Counsel to the 2nd Respondent, Chief Akinlolu Olujinmi (SAN) told the Tribunal that the written address of his client, the APC, was dated 29th October and filed on the same day while the reply on the point of law was filed on 10th November on receipt of the Petitioners’ written address.

While adopting the APC’s written address and reply on point of law, Olujinmi urged the Tribunal to dismiss the petition in its entirety on grounds that it lacked merit.

The APC through its counsel contended that the Petitioners abandoned Grounds 1 and 3 out of the four grounds which were debated through the testimonies of witnesses and documents tendered before the Tribunal wondering why the Petitioners abandoned the said grounds at the address stage.

The 2nd Respondent argued that it was too late for the Petitioners to abandon the two grounds because “it was a clear admission that they (Oni and the SDP) have failed to prove the two grounds adding that several grounds of the petition would have to go along with the two grounds.

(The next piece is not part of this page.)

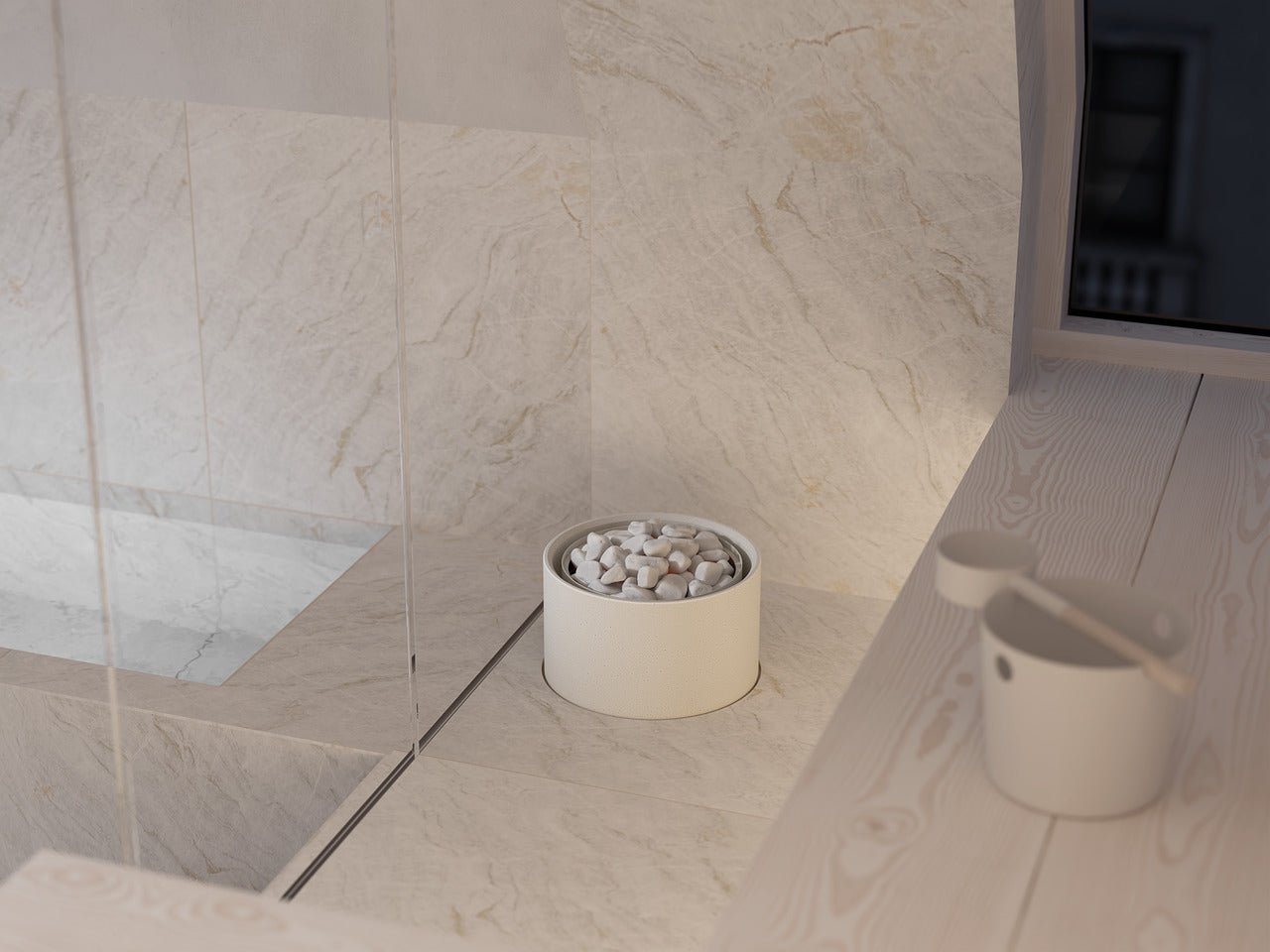 Die mehrschichtige Struktur hält die Oberfläche angenehm kühl und ermöglicht minimale Sicherheitsabstände. Der Pyry fügt sich fließend in die Architektur der Sauna ein, ohne Geländer, ohne Ablenkung. Nur Form, Material und Funktion in vollkommener Balance.
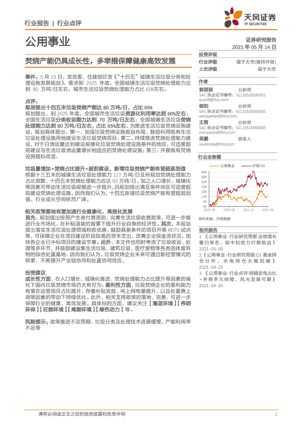 【天风证券】【20210514】公用事业:焚烧产能仍具成长性,多举措保障健康高效发展-2页

Olujinmi said: “Going along with those two grounds are several grounds of the petition that must go with the two grounds and when those grounds are gone, there is nothing left in the petition again. I want your Lordships to take note that this is a novel point.

“The Ground 1 they abandoned is about the allegation that the 1st and the 5th Respondents did not score the majority of lawful votes cast. In effect, they (Oni and the SDP) are saying there is nothing wrong with the votes that are lawful

“When you now abandon your ground that they didn’t score the majority of lawful votes, it means that there are no issues of non-compliance and corrupt practices that will make the election unlawful. If you now accept that the votes are lawful, it now cancels out corrupt practices and non-compliance alleged.”

Arguing on the introduction of Mala Buni into the petition, the APC through its counsel pooh-poohed the arguments of the Petitioners by saying that the case of Jegede v INEC cited by them has been settled by the Supreme Court that the grounds the Petitioners rely upon cannot disqualify a candidate.

Counsel to 3rd Respondent (Buni), Mr Shaibu Aruwa (SAN) told the Tribunal that the written address of his client was dated 30th October and filed on the same day while the reply on the point of law was dated 10th November and filed on 11th November.

In adopting the written address and the point of law and relying on them as evidence before the Tribunal, Aruwa prayed the panel to dismiss the petition “with substantial cost.”

By way of amplification, Aruwa argued that the Petitioners made a mistake by joining the 3rd Respondent (Buni) noting that if it were to be in those days, the petition would have been dismissed without calling any witnesses.

He drew the Tribunal’s attention to the constitutional provision in Section 308 of the Constitution of the Federal Republic of Nigeria 1999 that no court process should be issued against any sitting governor by virtue of the immunity enjoyed

Aruwa concluded his argument by saying that “the Petitioners must pay the cost before they have the right of appeal.”

Counsel to the 4th Respondent (INEC), Mr Chris Onwugbonu told the Tribunal that the written address of his client was dated 29th October and filed on 30th October while a reply on point of law was filed on 10th November and filed on the same day upon the receipt of the Petitioners’ written address.

In adopting INEC’s written address and reply on point of law, Onwugbonu urged the Tribunal to dismiss the petition with substantial cost.

The Tribunal Chairman, Justice Kpochi, reserved ruling on the application to the day of final judgment on the petition.

The Tribunal Chairman thanked all lawyers, parties and members of the public for their cooperation throughout the trial of the case saying the date of the judgment would be communicated to them in due course.